Nachdem sie sich einmal entschieden hatten, waren sie Tag und Nacht unentwegt mit dem Schreiben des Mesnevi beschäftigt. Besonders in der Stille der Nacht, wenn alle schliefen, wurde Mevlana inspiriert und Hüsameddin schrieb es nieder, was seinem geliebten Meister zugeteilt worden war. Es war so, als hätte der Allmächtige Hüsameddin Celebi eigens für das Schreiben dieses gesegneten Werkes geschaffen! Und Mevlana war bereit, dieses zu diktieren und Vers um Vers zu rezitieren. So entstand nach und nach dieses wunderschöne, unvergleichliche Werk aus sechs Bänden. 

 

Das Mesnevi, direkt aus dem Persischen ins Deutsche übersetzt von der Übersetzergemeinschaft Bernhard Meyer, Kaveh und Jilla Dalir Azar, ist im Buchmarkt erhältlich:

Moulana Galal ad-Din Rumi: „Das Matnavi“
Edition Shershir, Dr. Peter Finckh, www.shershir.ch 
ISBN 3-9802992-6-0

Zitate zu aus dem Fihi ma Fihi

Rumis Reden, welche im Buch „Fihi ma fihi“ gesammelt sind, belegen die Aktualität seiner Aussagen auch für die heutige Zeit.

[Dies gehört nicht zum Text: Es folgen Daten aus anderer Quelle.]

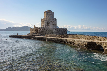 Methoni Castle with a bridge in sunny weather during early morning hours with water waves in Greece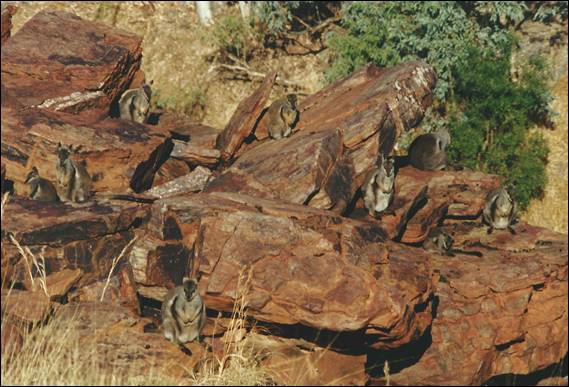 I have fond memories of the abundant wildlife we saw during our many visits here, they did not seem to mind our presence. It would be uncommon for us not to see large flocks of the majestic Red Tailed Black Cockatoo, who would graze in the paddocks behind the Horse Stables that lay directly opposite the crag. Wedge-tailed Eagles would soar high above with Black and Whistling Kites below them. We would climb with these large birds above us and have small Dusky Wood Swallows whistling past our heads as they moved in and out of the security of the crag. Belayers would sit and watch us while they were watched by Variegated Fairy Wrens and the many other small birds hopping around in the trees and shrubs. Big Red Kangaroos and Euros seemed to show no signs of being intimidated by us or our antics, occasionally they have wandered over to our packs to see what treats we may have for them. Left Wall was a great place for them with a sandy clear area where they would hide from the beating sun, while literally tem meters away we would be climbing and falling: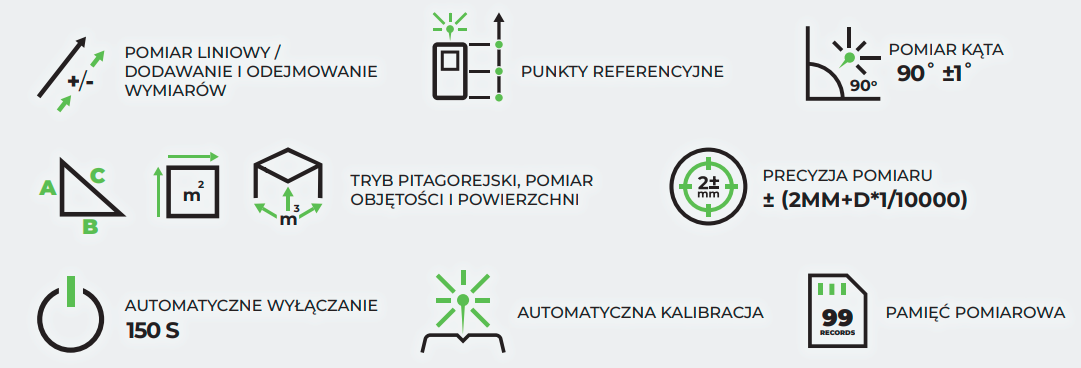 Dalmierz laserowy DLP200DG to nowoczesne narzędzie, które łączy precyzję, funkcjonalność i innowacyjne rozwiązania technologiczne. Dzięki zastosowaniu dwóch zielonych wiązek laserowych działających w dwóch kierunkach, DLP200DG umożliwia dokonywanie pomiarów z różnych pozycji, np. ze środka pomieszczenia lub wysokości, bez potrzeby schylania się, co znacząco zwiększa komfort pracy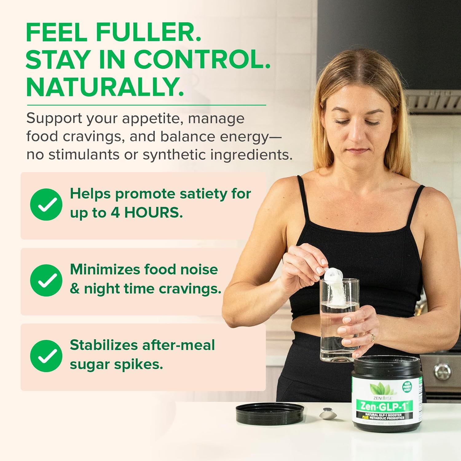 - Support Your Natural GLP-1 Levels: Feel fuller and in control with Zenwise ZenGLP-1 with Metabolic Probiotics. Our unique formula helps you manage hunger, pass on bloating, and support digestive health. Serving size: 2 scoops. 15 servings.

Dieses Werk Rumis ist erhältlich beim Diedrichs Verlag (Diedrichs Gelbe Reihe) mit dem Titel VON ALLEM UND VOM EINEN.
Die Übersetzung ist von Annemarie Schimmel.

Wir empfehlen dieses Buch als ein Muss in jeder Hausbibliothek von humanistisch und spirituell denkenden Menschen sowie für philosophische Studien und in der Arbeit des interreligiösen Dialogs.

 

Wir klären zurzeit ab, ob wir einige Zitate daraus veröffentlichen dürfen.